Sunday, 31 May 2015

Loch Ruthven and Loch Garten

After work on Saturday I planned to pitch my tent around the shores of Loch Tummel and spend an early morning looking for wood warblers. Then I was told that I wasn't needed for the evening session. A quick internet scramble and I had changed my plans, sights set distinctly further north.

Loch Ruthven is a small RSPB reserve south of Inverness. It has a wonderful breeding population of slavionian grebes and is frequented by divers, and I hoped to see the grebes in their finery and hopefully get pictures of a black throated diver or two. 

After two hours in the car I pulled into the tiny carpark and unpacked the scope. The valley was steep sided and the loch banded by deciduous wood. A quick scan across the water and I picked up my first bird, a male; in silhouette, his large comb obvious even when backlit. In total I saw 3 pairs of slavonian grebes, 2 little grebes, but sadly no divers. Reed buntings and willow warblers flitted between the branches beside the hide, and the calls of curlew, black headed gull and cuckoos cut through the warm afternoon air.


Slav Pair

I pitched my tent outside the reserve in a nearby field and settled into my sleeping bag with an Innis and Gun and chapter two of Birds in a Cage. The cuckoos called consistently from all angles and through the open tent flap I watched a short eared owl quarter the low heath, occasionally stopping to scan the grass beside to carpark. It's foraging distracted me until the light fell.

Good view

Better view



The next day I had the tent down by 7:30 and was scanning the loch soon after. In addition to the little and slavonian grebes, a male red-breasted merganser sat on the wind ruffled surface. I stared long enough through my scope that I barely noticed when a common sand walked over my backpack, and - despite peering as far as I could along the loch - there was no sign of a diver. I decided to packed scope into the car and start south.  
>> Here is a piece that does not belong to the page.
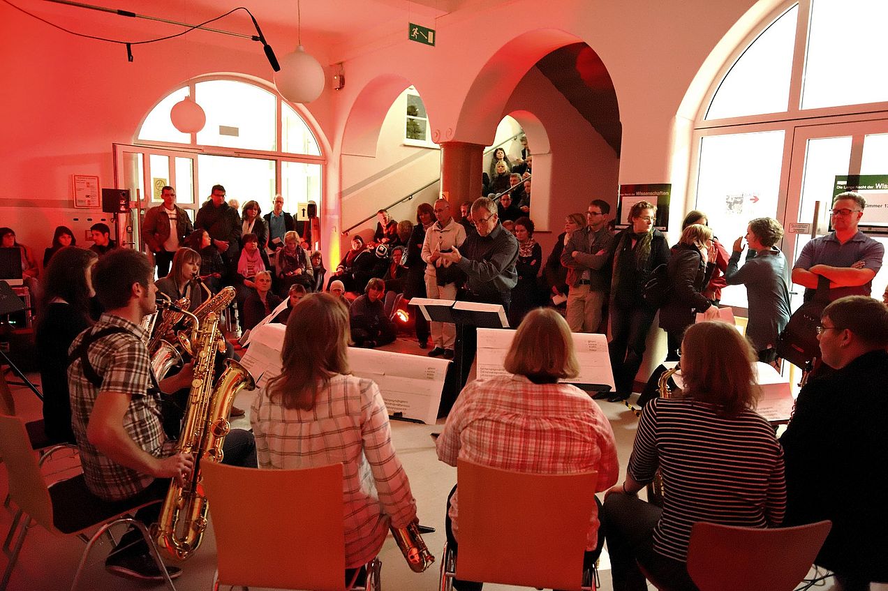 Die Hochschule für Musik Nürnberg hat auch in dieser langen Nacht wieder das ganze Haus zum Klingen gebracht! In zahlreichen Programmpunkten war das Publikum auf eine Reise durch die Musikgeschichte von der Renaissance bis zur Gegenwart eingeladen. Bei wissenschaftlichen und künstlerischen Vorträgen, offenem Unterricht, Gesprächskonzerten sowie Performances und Installationen konnte die ganze Bandbreite der Hochschulausbildung erlebt werden. Viele Musikerinnen und Musiker haben die räumliche Situation in die musikalische Darbietung mit einbezogen und zum Beispiel das Treppenhaus, den Aufzug im Südflügel und den Innenhof bespielt. Dies führte zu spannenden Gegenüberstellungen von verschiedenen klanglichen Eindrücken innerhalb des Hauses.

I had decided to stop in at Loch Garten on the way home (it was more or less on the way), and found myself standing at the gates at 9:50, waiting for the reserve to re-open. Well, I was in luck, for into the mob of coal tits at the feeders flew a wonderful crestie. Most of the shots were rushed and masked by branches and other birds, but for two seconds it alighted on the gate post, allowing two semi-clear shots before vanishing back into the foliage.


Crestie at the Gate

At the visitor centre I set up my scope before dashing to the shop to collect some flapjack for breakfast. The ospreys were visible for a while, before disappearing off to fish. So I spent my time watching the redstarts and siskins until the hide got too full and I headed to Cairngorm to grab a cup of tea and something to eat before starting for home. 

Female Redstart


Tuesday, 26 May 2015

Patch Updates - Kindrogan and Millport

With a bank holiday morning to kill on Cumbrae, I take a slow wander along the coast. Over the past few months the warblers have returned and hear the calls of sedge warbler, chiffchaff and white throat as I walk. Behind the house a cuckoo is calling, the first I have heard on island in two years. In the bay, eider, red breasted merganser, and black guillemot bob on the gentle swell. Black headed gulls bathe in the shallows, smart in their summer plumage.

Passing through the town there are goldfinches and linnets on the wires and sandwich terns dip into the shallow waters between the seawall and the islands. Exiting the far side of the town I can see shags drying on the eilans, a second cuckoo is calling in the woods on the hillside, and as I enter the fields the cautious mobbing by lapwings begins. One is particularly persistant, following me along the path and past the sewage works as I make my way down to the shingle shore. Here it is replaced by nervous oystercatchers. ringed plover dart from beneath my feet and I can see the heads of greylags observing me from the tall grass. Hungry now I turn back toward the town, heading for the deli, and stroll back to the house with my well-deserved coffee; as I arrive home, I see a female blackcap dive into the undergrowth behind the house and hope for fledgling warblers soon.


At Kindrogan the buds have finally burst and the trees are full of foraging birds. As I started up the hill this morning there was very fresh pine marten scat on the trail, placed high on a rock that obviously marks the edge of two territories. Breaking through into the first felled area I can here at least four tree pipits and pretty soon can make them out, singing as they arch there way between the trees. A song thrush scolds angrily as it lifts from the ground, heading uphill, a cuckoo is calling, but today I do not see him, only the willow warblers moving through the newly opened birch buds. 

The yaffle of green woodpecker cuts down from the hillside and in the stands of pine I can see the siskins moving, wishing I had time to dawdle I move along the forestry track that leads back down to the road. To my left a greater spotter woodpecker flits through to land on a low tree stump and a mistle thrush regards me from the top of a spruce.